A2UI follows the generative UI model. Instead of developers anticipating every possible interface upfront, agents generate the right UI for each moment based on conversation context. The agent controls both what to show and how to show it. Google, AG2, Vercel, and Oracle have adopted the protocol, and the ecosystem continues to grow around the v0.9 draft.
Both are open standards. Both are in production. The choice depends on whether you’re building a tool for agents to use (MCP Apps) or letting agents generate their own interfaces (A2UI).
Sources:
Get Started
npx sunpeak new
Further Reading
- What Is an MCP App? - architecture and how MCP Apps work
- How to Build an MCP App - step-by-step guide
- How to Build a ChatGPT App - walkthrough
- How to Build a Claude App - Claude-specific guide
- MCP App Framework - cross-host portability features
- MCP Apps Overview - official spec documentation
- A2UI.org - protocol specification and getting started guides
- A2UI v0.9 announcement - latest features and ecosystem
- A2UI GitHub - reference renderers and examples
Frequently Asked Questions
What is the difference between MCP Apps and A2UI?
MCP Apps are coded web applications (HTML/CSS/JavaScript) that render in sandboxed iframes inside AI conversations (ChatGPT, Claude, VS Code, Goose, Postman). A2UI is a declarative JSON protocol where AI agents generate UI descriptions that your client application renders using native components (React, Flutter, Angular, Lit). MCP Apps require you to write code; A2UI requires the agent to generate JSON from a pre-approved component catalog.
Are MCP Apps and A2UI compatible?
MCP Apps and A2UI solve different problems. MCP Apps lets developers embed data and visuals for use in agents, A2UI lets agents generate their own visuals for data. A2UI v0.9 lists MCP as a supported transport, so an agent could generate A2UI JSON and render it inside an MCP App, but the typical use cases remain distinct.
Which is more secure: MCP Apps or A2UI?
Both are secure but in different ways. MCP Apps run in sandboxed iframes with strict CSP and no access to the host page. A2UI uses a declarative data format with no code execution. Agents can only request components from a pre-approved catalog, which prevents UI injection attacks. A2UI has stronger guarantees against runtime code injection, while MCP Apps offer stronger isolation from the host application.
Can I use MCP Apps outside of AI conversations?
MCP Apps are designed to run inside AI conversations (ChatGPT, Claude, Goose, VS Code, Postman). A2UI is designed for any application where an agent generates UI at runtime, whether inside a conversation or not. A2UI is more portable across different agent contexts.
How do I build an MCP App?
Use sunpeak, the open-source MCP App framework. Run "npx sunpeak new" to scaffold a project with a local inspector, MCP server, and React components. Your app works across ChatGPT, Claude, Goose, and VS Code from the first line of code. sunpeak also includes a testing framework so you can write unit, E2E, and visual regression tests without connecting to a live host.

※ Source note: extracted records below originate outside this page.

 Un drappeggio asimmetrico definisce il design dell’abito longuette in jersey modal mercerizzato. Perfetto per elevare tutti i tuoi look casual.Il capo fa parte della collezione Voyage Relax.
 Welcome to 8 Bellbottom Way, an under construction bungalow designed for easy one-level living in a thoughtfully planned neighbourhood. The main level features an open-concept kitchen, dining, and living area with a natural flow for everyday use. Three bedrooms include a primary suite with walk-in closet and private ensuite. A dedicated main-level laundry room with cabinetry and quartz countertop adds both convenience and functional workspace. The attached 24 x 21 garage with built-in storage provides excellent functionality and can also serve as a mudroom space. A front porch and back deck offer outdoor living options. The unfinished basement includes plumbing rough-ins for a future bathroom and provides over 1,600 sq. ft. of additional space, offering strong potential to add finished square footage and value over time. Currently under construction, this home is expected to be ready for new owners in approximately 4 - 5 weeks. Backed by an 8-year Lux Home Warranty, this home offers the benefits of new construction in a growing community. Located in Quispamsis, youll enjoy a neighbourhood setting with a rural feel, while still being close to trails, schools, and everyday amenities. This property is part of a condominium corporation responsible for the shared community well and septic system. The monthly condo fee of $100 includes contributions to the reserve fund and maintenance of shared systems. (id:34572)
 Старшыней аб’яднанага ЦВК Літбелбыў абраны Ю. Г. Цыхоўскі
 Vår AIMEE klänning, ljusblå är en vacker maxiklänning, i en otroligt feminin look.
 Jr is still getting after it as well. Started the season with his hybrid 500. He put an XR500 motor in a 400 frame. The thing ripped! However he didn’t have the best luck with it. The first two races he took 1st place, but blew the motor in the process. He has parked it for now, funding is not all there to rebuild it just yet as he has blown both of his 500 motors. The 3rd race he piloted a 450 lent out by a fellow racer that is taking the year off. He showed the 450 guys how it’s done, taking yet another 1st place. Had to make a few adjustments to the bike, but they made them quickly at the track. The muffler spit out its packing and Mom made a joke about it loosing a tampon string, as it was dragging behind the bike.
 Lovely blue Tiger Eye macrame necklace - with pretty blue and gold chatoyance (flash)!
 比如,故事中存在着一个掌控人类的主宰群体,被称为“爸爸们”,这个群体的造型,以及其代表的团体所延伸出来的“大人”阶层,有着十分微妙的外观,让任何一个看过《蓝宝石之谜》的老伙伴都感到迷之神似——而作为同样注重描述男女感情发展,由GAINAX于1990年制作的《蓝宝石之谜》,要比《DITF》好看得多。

Which companies are using A2UI?
A2UI is used in production by Google projects including Opal, Gemini Enterprise, and Flutter GenUI. The protocol is open source (Apache 2.0) with integrations from AG2, Vercel, Oracle, and the CopilotKit community. As of April 2026, the stable release is v0.8 with v0.9 in draft.
Which hosts support MCP Apps?
MCP Apps (SEP-1865, stable January 2026) are supported by Claude (web and desktop), ChatGPT, VS Code GitHub Copilot, Goose, Postman, and MCPJam. The standard is maintained as the first official extension to the Model Context Protocol under the Linux Foundation. Companies like Figma, Canva, Asana, and Slack have built MCP Apps for these hosts.
What version of A2UI is current?
A2UI v0.8 is the stable production release. A2UI v0.9, released in draft on April 17, 2026, adds an Agent SDK, client-defined functions, client-to-server data syncing, and a shared web-core library. Official renderers exist for React, Flutter, Lit, and Angular.